2. Hard work by the invested-in company in gaining profit through its operations.

Nonetheless, in the American mind lies the fantasy of being able to sit at a computer and generate cash with the click of a mouse. People hope that somewhere there lies a perfect investment strategy. But the search for such a strategy is the modern equivalent of alchemy, and just like alchemy, it is a waste of time.
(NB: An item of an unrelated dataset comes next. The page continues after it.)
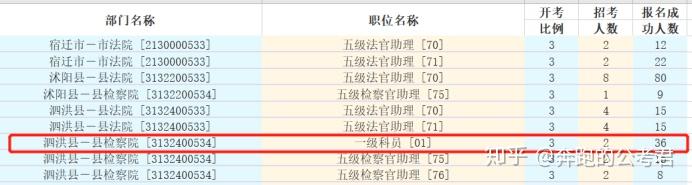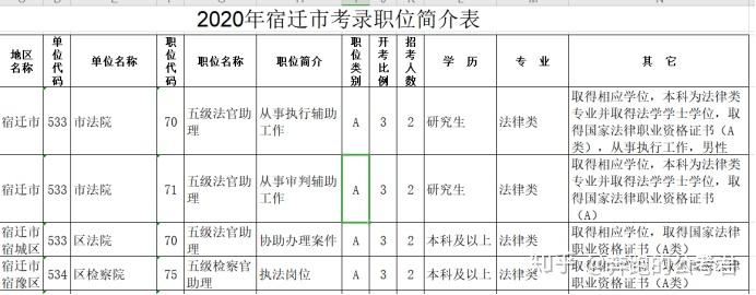 以宿迁市招考的法检岗位为例,报考比例基本都在1:10以内,有的岗位甚至刚到开考比例,大家可能也发现了一个报考比例比较高的岗位,应该也仔细看了“职位名称”,其实招考的人员是不同的,也不是法学岗。一般来说法检岗位竞争比例较低,是因为有着这个限制条件——国家法律职业资格证书(A),也就是我们通常所说的司法考试,而同样招收法学专业的宿迁市公安局,招考人数为3人,报名人数为49人,基本上还是可以看出比例差距的,当然1:16的报考比例相比于其他岗位来说也没那么高。

There can never be a fail-safe strategy of investing, because, no matter how sophisticated one's analysis of the stock market is, stock prices depend on an infinite number of unknown events that occur in the actual physical world. Only a piece of omniscient software could predict the future. Secondly, if a trader got his/her hands on this omniscient software, it would become useless if other traders had it too. The best that investors can settle for is to be sensible and manage their risk as much as possible.
Investment strategies are merely ways of siphoning money from the physical or intellectual assets of an economy. And if the productive capabilities of assets in an economy are impaired, it will become harder to make money as an investor. This is a law of financial physics. Even successful short selling depends on an initial price that reflects a perception of high productive capabilities. Securities' prices are merely shadows of the real economy.
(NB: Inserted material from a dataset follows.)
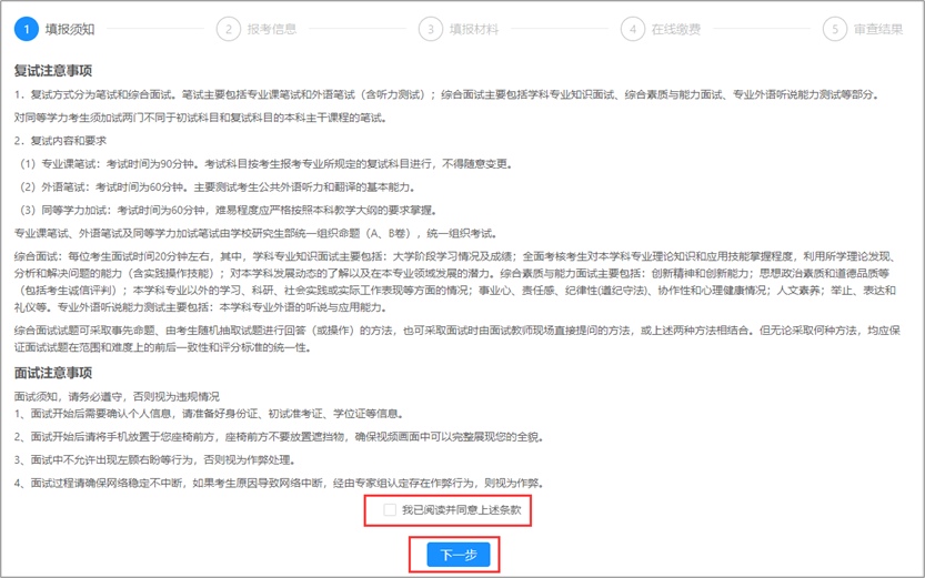第一步:阅读复试资格审查须知,阅读后勾选“我已阅读并同意上述条款”,然后点击【下一步】。

Investment is the lifeblood of the economy, but careers as investment professionals are not what I hope the majority of kids of the next generation will strive to attain. I hope they will want to become inventors, not investors. (By inventor I mean someone who creates something new that is valuable to society). How useless would investors be if there were no inventors? There would be nothing to invest in. Inventors also need investors, to fund their endeavors. But good ideas will tend to attract investment. It does not take a degree in Finance to recognize a good idea. I hope the intelligence and creativity of the next generation, instead of going towards the alchemical quest of beating the stock market through technical analysis, will go towards innovations in the actual physical world. Imagine if the world's great geniuses decided to become stock traders instead of chemists, surgeons, authors, engineers etc. These geniuses might think of some great trading strategies, but there would be a lot fewer assets to invest in.
Pure speculation on the rising and falling of stock prices is a zero sum game. But sensible investment in good ideas benefits investors, inventors, and the economy as a whole.